And here's what you have to understand about gay activism: we are called anti-mormon, anti-christian, anti-islamic, and now you are suggesting that it is or can be viewed as anti-Jamaican. It's wrong in every case. There is an objective case that gay people in Jamaica are treated horribly, and as social justice adtivists we are obligated to fight back with and for them. You suggest our efforts to honor the global solidarity of gay people makes "the situation better, not worse." Okay, well, since you're criticizing our tactics, may I ask what better ideas you have been able to come up with to protect and empower the gay community of Jamaica, and could you please share them, because those are our brothers and sisters and we will do what we can on their behalf.

Annie Paul said...

You know, thank you all for your comments, and welcome Kei and M.E.D.I.

How did this become a discussion about Gays and their problems and their vulnerability? This post was about Buju and Jamaica and being Jamaican.

As Sarah said if Boom Bye Bye was really a literal call to kill all homosexuals there would be none left in Ja. can we stop exaggerating?

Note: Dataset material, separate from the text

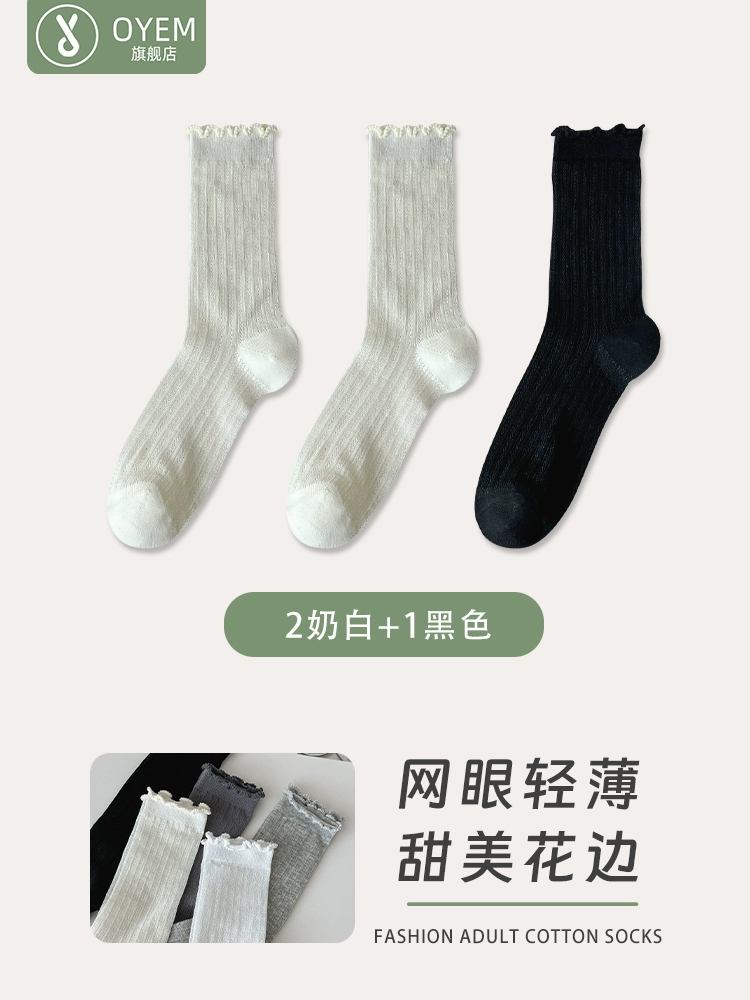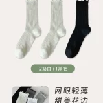 Fungus edge socks for women in summer thin mid-calf socks breathable mesh pure cotton pile socks miu style lolita socks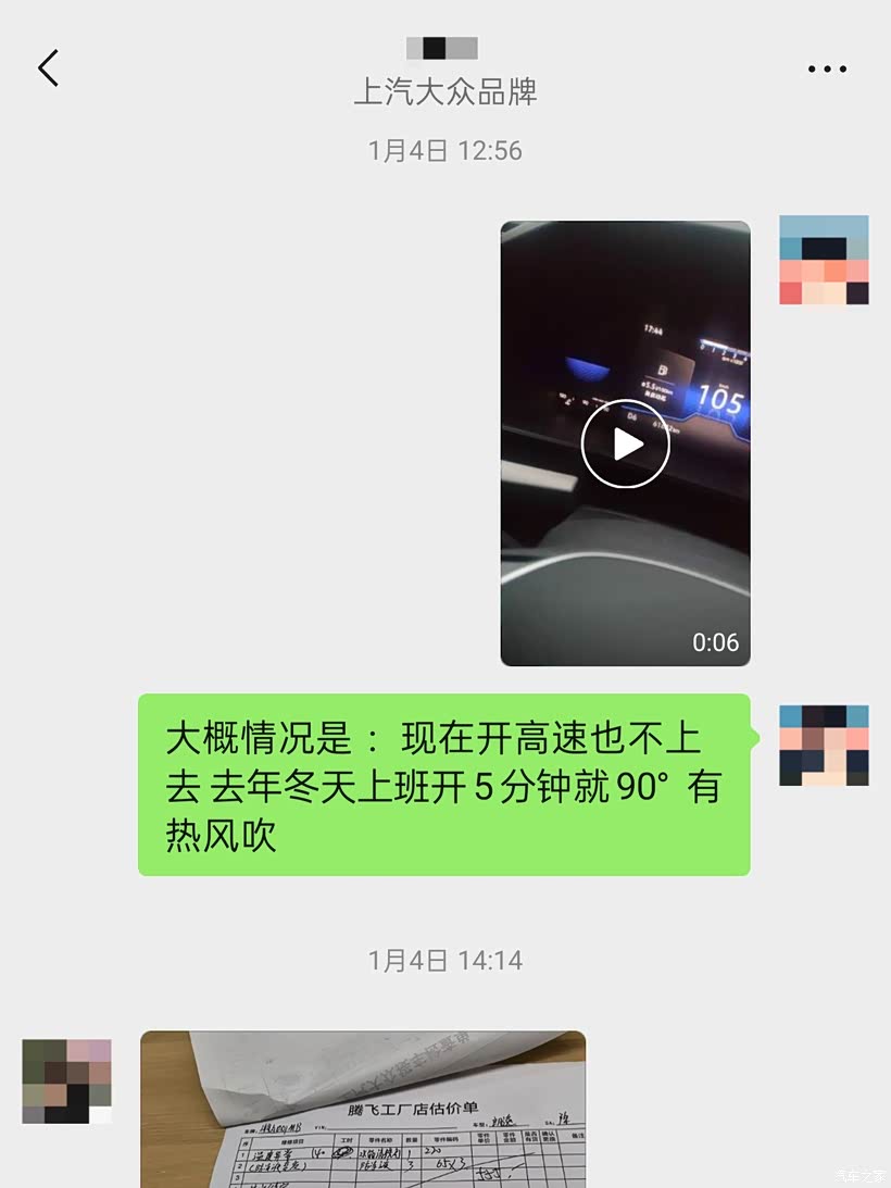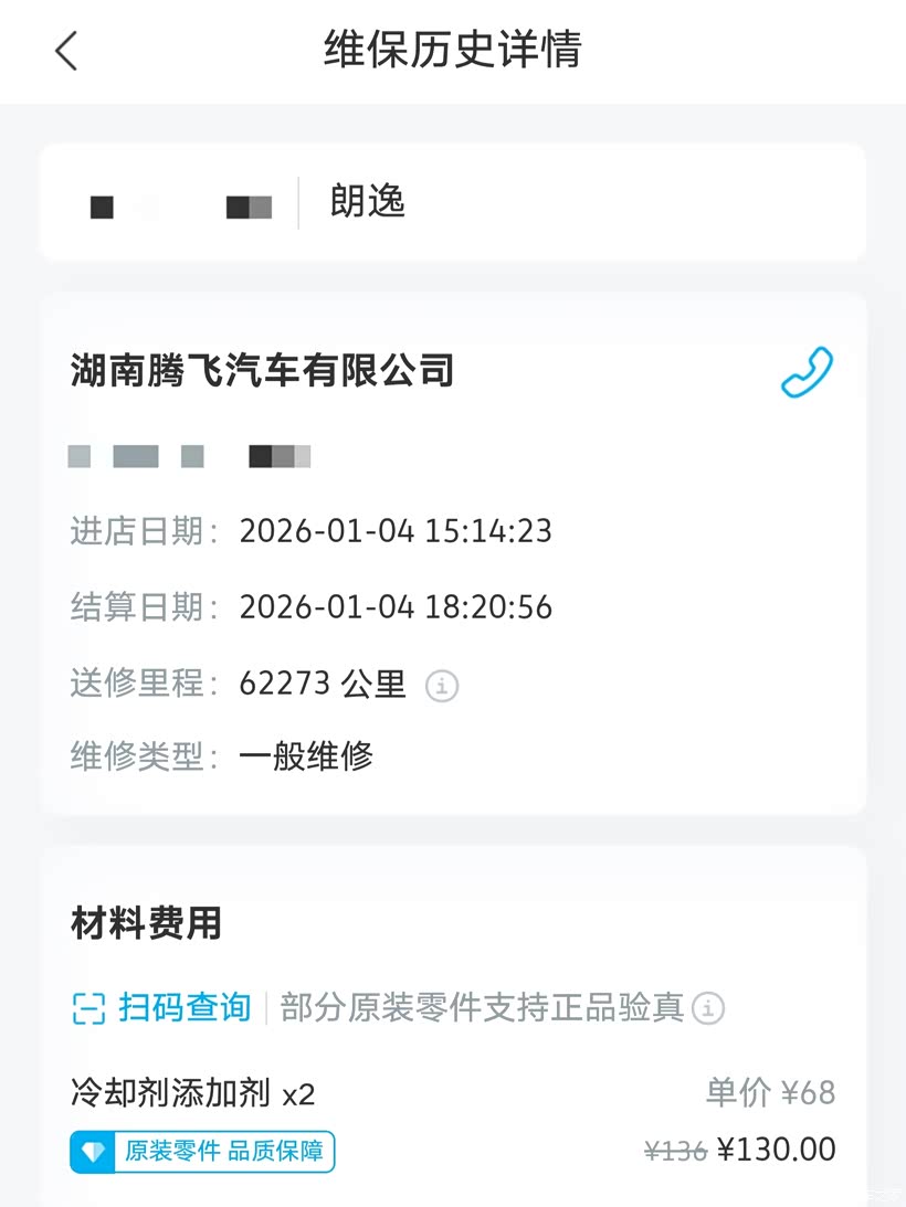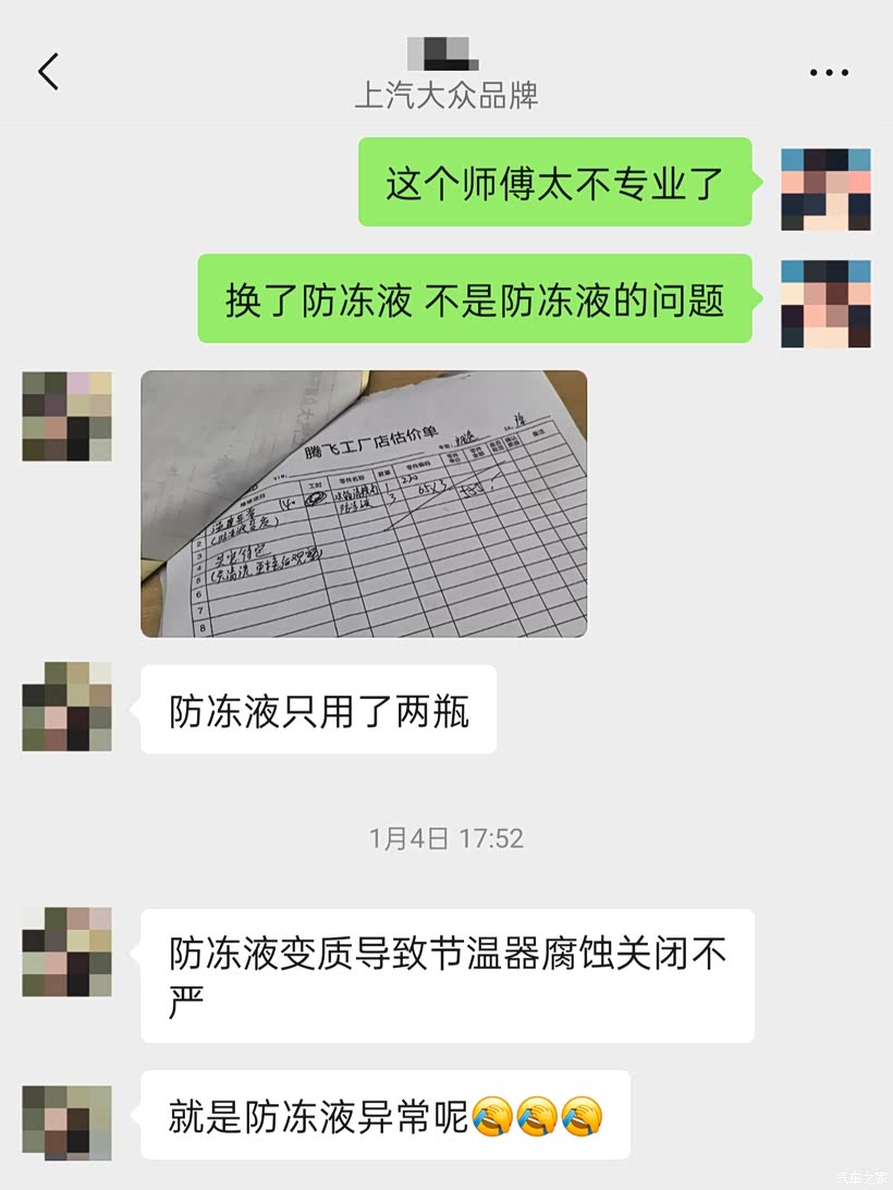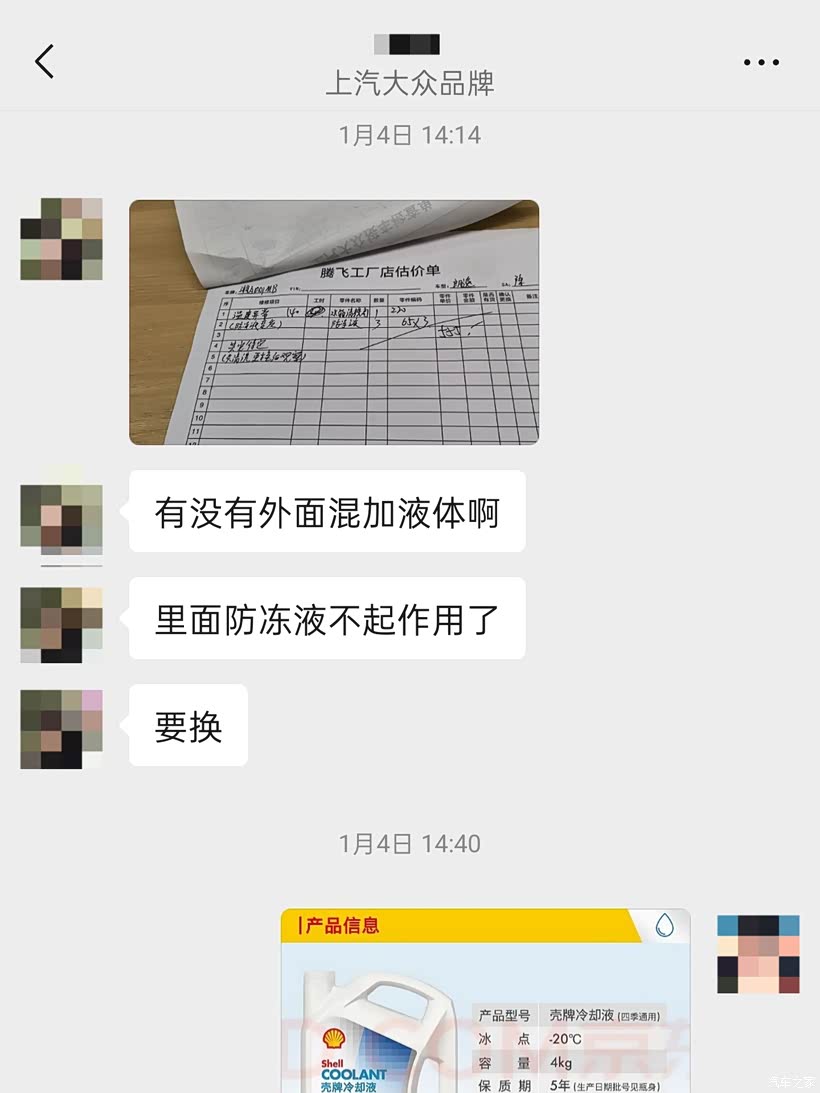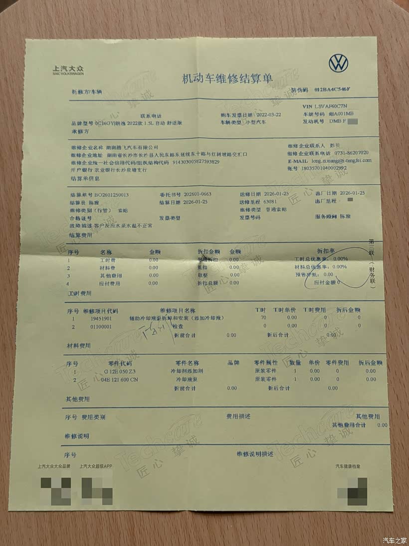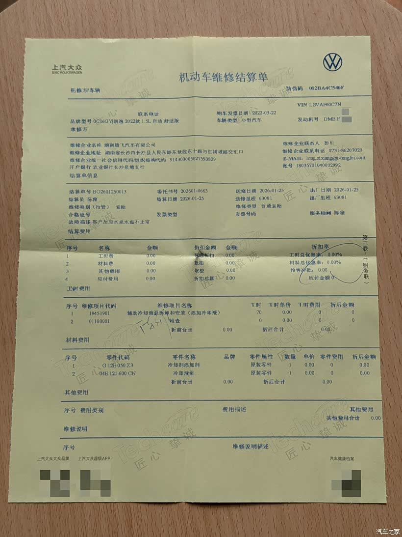 因为车子还处在延保期,原车质保3年10万公里,购买延保后可以再延长3年8万公里,所以我就直接开到就近的长沙市上汽大众腾飞4S店进行延保索赔,开了个单子说是我车混加导致防冻液失效,需要更换防冻液并清洗水箱,从这里我就有点疑惑了,我车是在2025年5月份才更换的4L壳牌-25度防冻液,我心想如果是这个问题那车子就不必拆修更换节温器了呀,本着原装不动最妥当的心态,结果在更换完防冻液并清洗水箱后,车辆水温上不、暖风不热的问题完全没有得到解决,这里我就对4S店的专业性表示质疑,表示换了防冻液后才说是节温器的问题,我就找修理师和服务专员讨要说法,给到的回复是:“说需要更换完防冻液后才能排查出是节温器的问题,说就是防冻液变质导致节温器腐蚀关闭不严,说帮我申请索赔可以免费更换节温器,只要付这次500元的防冻液和清洗水箱费用就行了”。

I think Sarah articulates the embattled, bruised as she put it, position of many Jamaicans. Perhaps gay activists need to take a back seat right now? Perhaps there's a time for aggressive mobilizing and being on the warpath and other moments when even those who are absolutely sure they have the moral upper hand might listen and try and understand what seems to be transparently blameworthy? i don't know...

Anonymous said...

Hi Annie,

Maybe you're right, it may be the time for gay activists to just watch this unfold.

But you have to understand--these calls for our death cause hurt and pain and anger and, yes, violence and death for people. That's bruised. That's embattled.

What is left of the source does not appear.